*** Extracted data ***

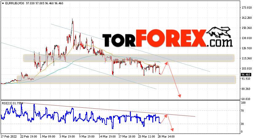 Дополнительным сигнальном в пользу падения валютной пары EUR/RUB на Форекс выступит тест линии сопротивления на индикаторе относительной силы (RSI). Вторым сигналом станет отскок от верхней границы нисходящего канала. Отменой варианта падения валютной пары EUR/RUB на Форекс 29 марта 2022 станет сильный рост и пробой уровня 125.05 Евро за Рубль. Это укажет на пробой области сопротивления и продолжение роста пары Евро Рубль в область выше уровня 135.05. Подтверждением падению валютной пары выступит пробой области поддержки и закрытие котировок инструмента под уровнем 91.55.
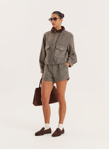 Effortless, refined and designed for layering, the Ingrid trucker offers endless styling possibilities. Reimaging the classic trucker with a contemporary twist, the Ingrid trucker is crafted from a luxe herringbone fabric with front pockets, a contrast collar and a cropped cut for a cool edge. To style, pair with the Ingrid shorts for an effortlessly co-ordinated look, or layer over your go-to autumn outfit.
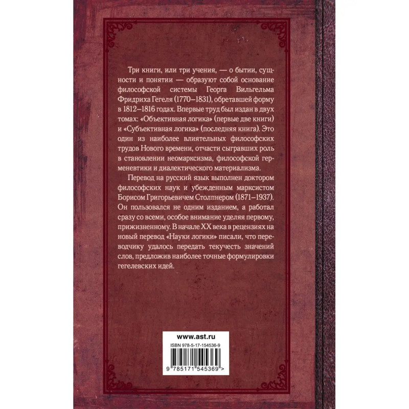 Три книги, или три учения о бытии, сущности и понятии, образуют собой основание философской системы Георга Вильгельма Фридриха Гегеля (1771831), обретавшей форму в 18121816 годах. Впервые труд был издан в двух томах: "Объективная логика" (первые две книги) и "Субъективная логика" (последняя книга). Это один из наиболее влиятельных философских трудов Нового времени, отчасти сыгравших роль в становлении неомарксизма, философской герменевтики и диалектического материализма. Перевод на русский язык выполнен доктором философских наук и убежденным марксистом Борисом Григорьевичем Столпнером (18711937). Он пользовался не одним изданием, а работал сразу со всеми, особое внимание уделяя первому прижизненному. В начале XX века в рецензиях на новый перевод "Науки логики" писали, что переводчику удалось передать текучесть значений слов, предложив наиболее точные формулировки гегелевских идей.
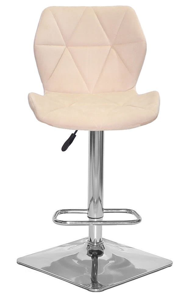 Бархатна оббивка бежевого кольору надає стільцю виразного та преміального вигляду. Такий барний стілець стає не просто функціональним предметом меблів, а акцентним елементом інтер’єру, який підкреслює індивідуальність простору. М’яка текстура бархату приємна на дотик і створює відчуття затишку навіть під час тривалого використання.
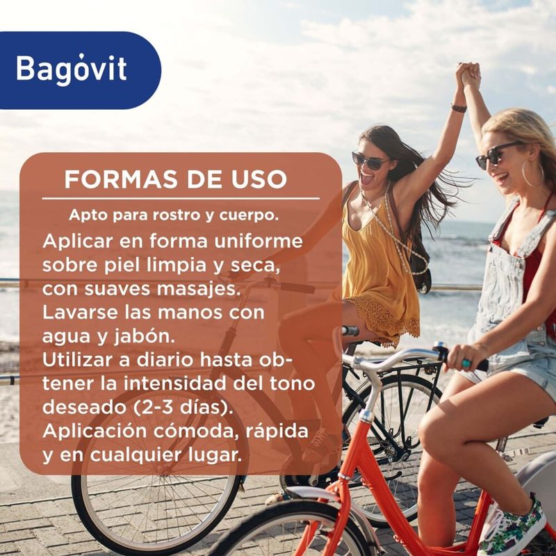 Spray Bagovit A Bronceado Progresivo Hipoalergénico contiene una fórmula enriquecida con Ácido Hialurónico y Vitaminas A y E, que hidratan y nutren tu piel mientras le brindan un tono de bronceado saludable en cualquier momento del año. En tan solo 3 días obtendrás el color ideal sin haber estado expuesta al sol. El Ácido Hialurónico actúa como una “esponja molecular” que retiene el agua brindándole a la piel hidratación continua. Además, estimula la circulación de agua entre las capas de la piel revitalizando y otorgándole suavidad y turgencia. Gracias a la Vitamina A, la piel incrementa la producción de colágeno e induce la síntesis de compuestos responsables de retener agua en la piel. Su acción reparadora restablece la elasticidad junto con la luminosidad y suavidad. Disminuye las arrugas producidas por el paso del tiempo y por el foto envejecimiento. Su fórmula enriquecida con Vitamina E también ayuda a proteger la membrana celular de los radicales libres y contribuye a su eliminación. Es una vitamina muy importante para la salud de la piel. Es hipoalergénico. BENEFICIOS - Hidrata y nutre tu piel mientras obtienes un tono bronceado saludable en cualquier momento del año. - En tan solo 3 días tendrás el color ideal sin haber estado expuesta al sol. - Ácido Hialurónico: permite fijar el agua a los tejidos y liberarla a las capas superiores. Actuando como una “esponja molecular” brindándole a la piel hidratación continua. Estimula la circulación de agua entre las capas de la piel revitalizando, otorgando suavidad y turgencia. - Vitamina A: la piel incrementa la producción de colágeno e induce la síntesis de compuestos responsables de retener agua en la piel. Su acción reparadora restablece la elasticidad junto con la luminosidad y suavidad. Disminuye las arrugas producidas por el paso del tiempo y por el foto envejecimiento. - Vitamina E: ayuda a proteger la membrana celular de los radicales libres y contribuye a su eliminación. Es una vitamina muy importante para la salud de la piel. Es hipoalergénico. MODO DE USO Aplicar en forma uniforme sobre piel limpia y seca, preferentemente exfoliada, con suaves masajes para facilitar su absorción. Lavarse las manos con agua y jabón inmediatamente luego de la aplicación. Utilizar a diario hasta obtener la intensidad del tono deseado (2-3 días). Luego aplicar de 2 a 3 veces por semana para mantener el color logrado. Apto para rostro y cuerpo.

*** End of Extracted data ***

Exercise prompt: Starting from the line with "Effortless, refined and" in the records above, repeat each line exactly until you have written the line with "Бархатна оббивка бежевого", then stop; drop the pictures.

Answer section:
 Effortless, refined and designed for layering, the Ingrid trucker offers endless styling possibilities. Reimaging the classic trucker with a contemporary twist, the Ingrid trucker is crafted from a luxe herringbone fabric with front pockets, a contrast collar and a cropped cut for a cool edge. To style, pair with the Ingrid shorts for an effortlessly co-ordinated look, or layer over your go-to autumn outfit.
 Три книги, или три учения о бытии, сущности и понятии, образуют собой основание философской системы Георга Вильгельма Фридриха Гегеля (1771831), обретавшей форму в 18121816 годах. Впервые труд был издан в двух томах: "Объективная логика" (первые две книги) и "Субъективная логика" (последняя книга). Это один из наиболее влиятельных философских трудов Нового времени, отчасти сыгравших роль в становлении неомарксизма, философской герменевтики и диалектического материализма. Перевод на русский язык выполнен доктором философских наук и убежденным марксистом Борисом Григорьевичем Столпнером (18711937). Он пользовался не одним изданием, а работал сразу со всеми, особое внимание уделяя первому прижизненному. В начале XX века в рецензиях на новый перевод "Науки логики" писали, что переводчику удалось передать текучесть значений слов, предложив наиболее точные формулировки гегелевских идей.
 Бархатна оббивка бежевого кольору надає стільцю виразного та преміального вигляду. Такий барний стілець стає не просто функціональним предметом меблів, а акцентним елементом інтер’єру, який підкреслює індивідуальність простору. М’яка текстура бархату приємна на дотик і створює відчуття затишку навіть під час тривалого використання.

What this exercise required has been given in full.